Designing consumption reporting and cost transparency
Consumption and cost reporting should drive the right behavior by business partners and application-development teams. It should be designed based on costs that these teams can influence and should enlighten them about how their decisions drive costs and complexity. Above all, consumption and cost reporting should be easy to understand.
This vision requires answering some strategic questions and refining how IT collaborates with the business. Examples of such questions include the following:
- How should we allocate costs to services, how should we treat costs of shared IT services such as data centers and corporate networks, and how should we handle the costs of unused capacity?

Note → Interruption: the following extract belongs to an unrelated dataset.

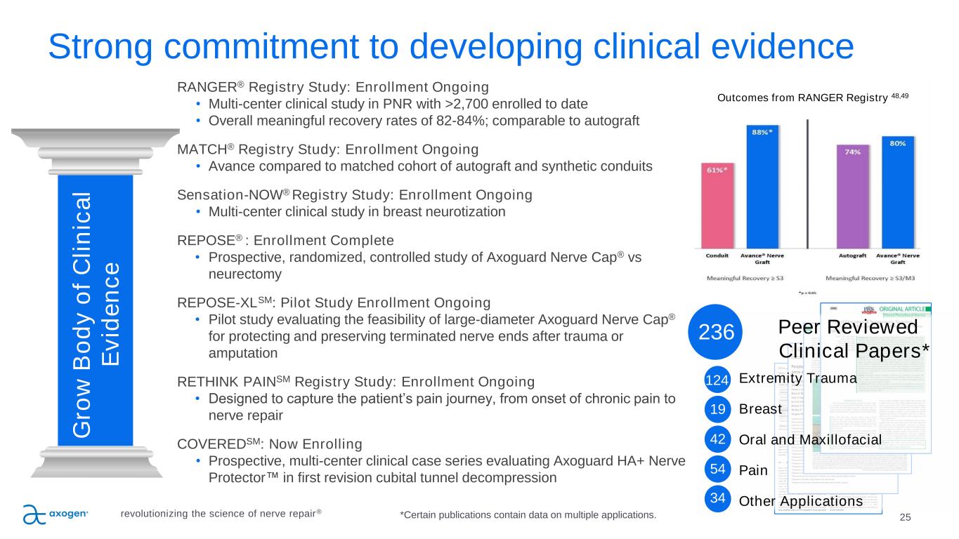 24 Market development strategy B u il d M a rk e t A w a re n e s s G ro w B o d y o f C li n ic a l E v id e n c e E x e c u te S a le s P la n E x p a n d P ro d u c t P ip e li n e + A p p li c a ti o n s revolutionizing the science of nerve repair® E d u c a te S u rg e o n s , D e v e lo p A d v o c a te s
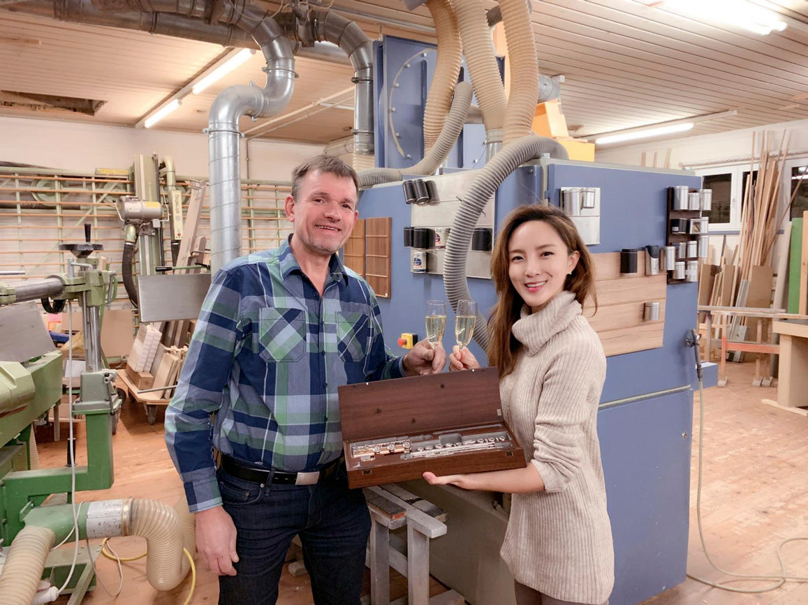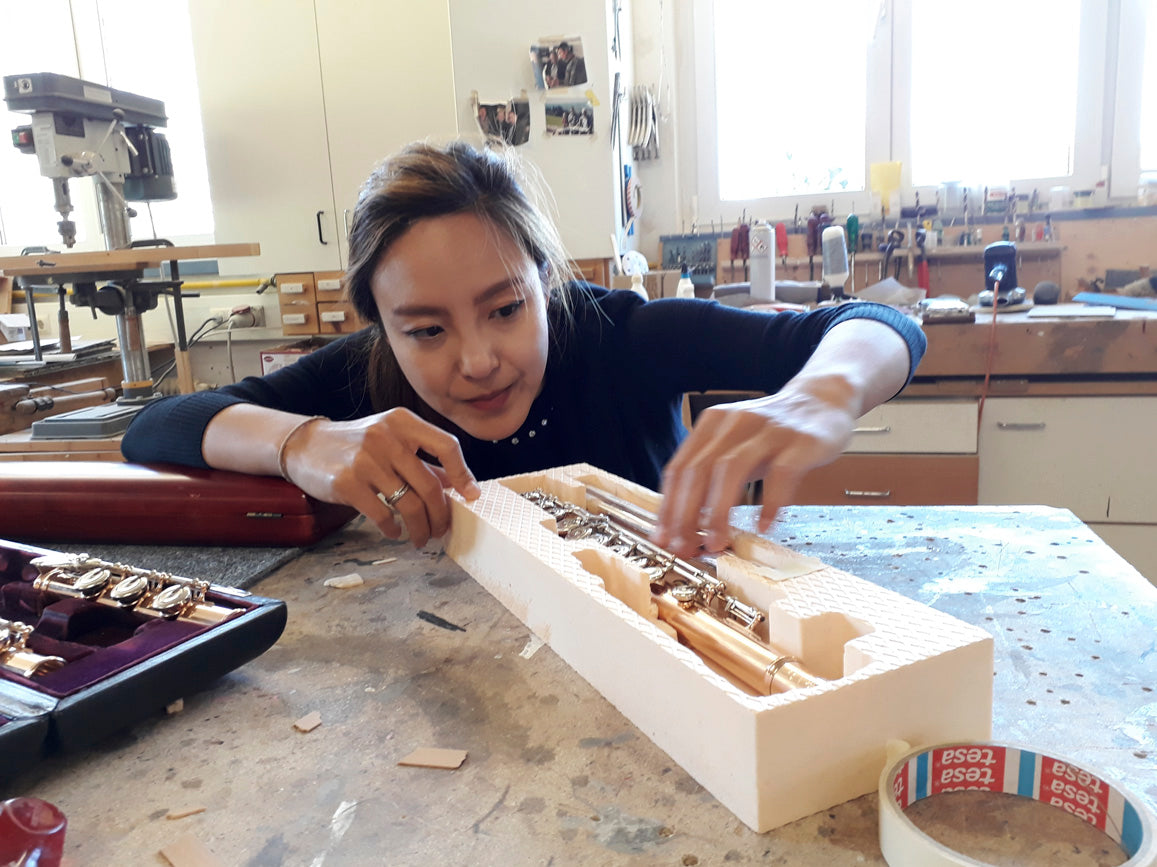 Developed with international flute star Jasmine Choi, the SmartCase is the world's safest flute case. This handmade case features small wheels that that adjust to perfectly fit the length of your flute - no more flute rattling around in its' case! Every point at which the flute comes into contact with the case is clad with soft foam, to support and protect your delicate instrument. The SmartCase is lightweight, weighing approximately 650 grams, while standard cases weigh 850 grams. The SmartCase is smaller, too, so it fits in your bags more easily (4 cm shorter than standard cases.)

- How do we price services and determine whether to base consumption and cost reports on capacity reservations or actual usage, should we set flat annual prices or allow prices to fluctuate with actual costs, and how do we “subsidize” early users of new and more cost-effective platforms?
- Should we directly bill costs of IT services via a charge-back mechanism or only use “show-back” costs to inform business users of the costs they’ve incurred?
Whether to use charge-backs or show-backs is a good example of how complex these questions can be. There is a range of alternative approaches to the charge-back model:
- show-back of demand and cost
- charge-back of a portion of costs
- charge-back of full costs
- flat annual price for each service
Each approach is designed to address different objectives. For example, an approach that depends on flat annual prices works better when costs fluctuate from month to month or quarter to quarter. In such a scenario, the business sees a predictable service price regardless of when costs are incurred or new capacity is added. Following this model requires clarity about how over- or underrecovery of costs is treated, meaning IT could pay a “dividend” to the business in case of overrecovery, invest the margin to improve services, or transfer the excess back to finance.
IT infrastructure leaders should start the process by understanding their company’s starting point, including the maturity of the service catalog, the granularity and simplicity of the costing model, and how effectively the IT organization interfaces with the business. Leaders must set the bar for the aspirations of the transformation to an effective demand- and service-management model based on the size of the prize, the organization’s readiness, and business constraints; finally, they need to define a road map for either a demand-led or a services-led model.
Success means not only an improved balance sheet for the company; with cost transparency in place, IT infrastructure leaders benefit as well. Instead of an annual struggle to fund technology refreshes and add capacity in the near term, leaders can shift to a multiyear investment plan for infrastructure and build a technology-delivery platform for the future.